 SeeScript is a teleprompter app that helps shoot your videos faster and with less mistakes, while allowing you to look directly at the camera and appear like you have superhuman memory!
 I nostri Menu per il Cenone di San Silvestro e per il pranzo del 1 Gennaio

==

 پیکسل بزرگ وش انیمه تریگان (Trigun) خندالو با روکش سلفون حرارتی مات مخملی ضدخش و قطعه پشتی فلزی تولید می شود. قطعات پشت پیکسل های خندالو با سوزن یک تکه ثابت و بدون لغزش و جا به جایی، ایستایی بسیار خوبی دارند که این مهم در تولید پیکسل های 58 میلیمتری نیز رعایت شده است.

> [What to do] What do the lines above say from the one containing "SeeScript is a" down to the one containing "I nostri Menu"? Return them exactly, both end lines included, and only them.

> [Output of the exercise]
 SeeScript is a teleprompter app that helps shoot your videos faster and with less mistakes, while allowing you to look directly at the camera and appear like you have superhuman memory!
 I nostri Menu per il Cenone di San Silvestro e per il pranzo del 1 Gennaio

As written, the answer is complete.